----- Exercise inputs -----

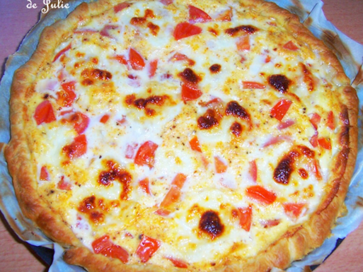 Quiche jambon / tomates / mozzarella Entréefacile1 h 5 m703 Kcal Envoyer cette recette à un ami Imprimer cette page Poser une question à l'auteur Publier votre photo de cette recette Ingrédients 3 Pour une quiche : 1 pâte feuilletée (en rouleau ou maison) 10 cl de lait 10 cl de crème liquide (à 3% de MG ) 2 oeufs 2 tranches de jambon blanc 4 petites tomates 1 boule de mozzarella sel poivre herbes de Provence Coût estimé: 5.22Euros€ (1.74€/part)
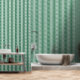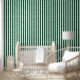 Un papier peint à rayures blanches et vertes de pinède dans un espace homogène alternant rayures. Classique et sportif.
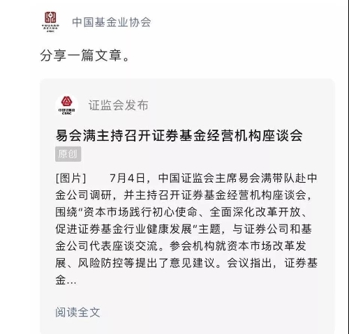7月4日,证券基金经营机构座谈会召开。易会满主席围绕“资本市场践行初心使命、全面深化改革开放、促进证券基金行业健康发展”主题与代表座谈。不忘初心,牢记使命,41家证券基金经营机构撰文新时代如何实现新作为,协会召开几十场座谈会,共同探索如何做好资本市场的“看门人”、直接融资的“服务商”、社会财富的“管理者”、资本市场的“稳定器”以及市场创新的“领头羊”,多措并举全面提升行业服务实体经济的能力。
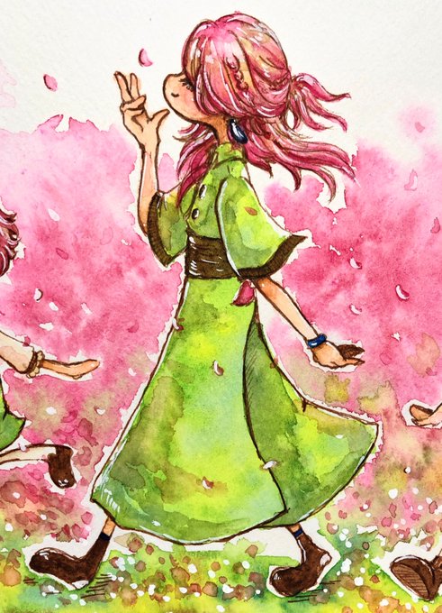 はるのあしおとちゃんたち、各アップです〜🌸歩いたところから春がくるよ 桜の木みたいになるように描きました☺️楽しかった〜
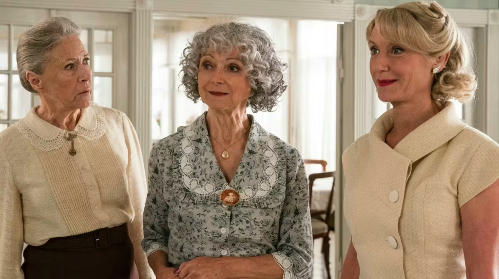 Fru Fjeldsø, Lydia og fru Frigh i “Badehotellet”. Foto: Mike Kollöffel/TV 2
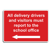All Delivery Drivers And Visitors Must Report To The School Office Sign with Left Pointing Directional Arrow
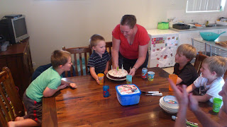 Our little baby turned 3 today! He had a nice morning of opening presents on our bed first thing, then we went to the park for a play. Came home after that and had lunch and a sleep, then woke up to play with our friends Jack and Archie (Simons boys) who also brought him a present, then time for a swim and a play on the Wii. Dinner time with Ben, Kate and James who had another present, and then a mummy baked birthday cake! Busy birthday boy.
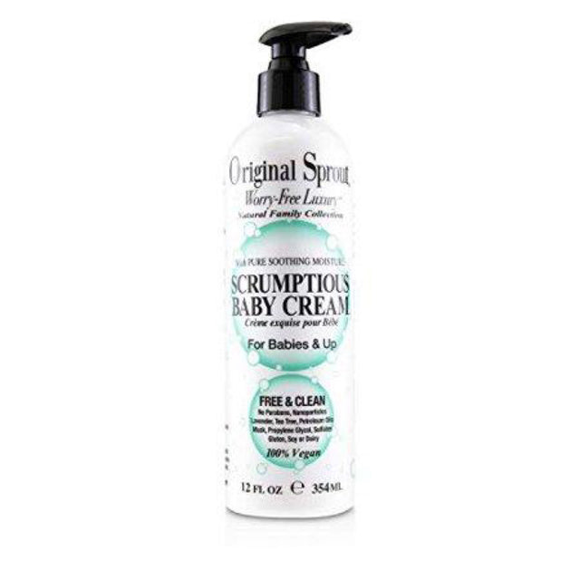 Moisturising Scrumptious Baby Cream by Original Sprout, suitable from birth. It is 100% vegan, gentle on the eyes and is suitable for delicate skin. Apply as often as required, especially as an after bath treat and calming massage cream.

-----

Goal of the exercise
Leave out the pictures. Return exactly the lines from the first line of the records to the line bearing "Un papier peint", inclusive.

Result for this exercise
 Quiche jambon / tomates / mozzarella Entréefacile1 h 5 m703 Kcal Envoyer cette recette à un ami Imprimer cette page Poser une question à l'auteur Publier votre photo de cette recette Ingrédients 3 Pour une quiche : 1 pâte feuilletée (en rouleau ou maison) 10 cl de lait 10 cl de crème liquide (à 3% de MG ) 2 oeufs 2 tranches de jambon blanc 4 petites tomates 1 boule de mozzarella sel poivre herbes de Provence Coût estimé: 5.22Euros€ (1.74€/part)
 Un papier peint à rayures blanches et vertes de pinède dans un espace homogène alternant rayures. Classique et sportif.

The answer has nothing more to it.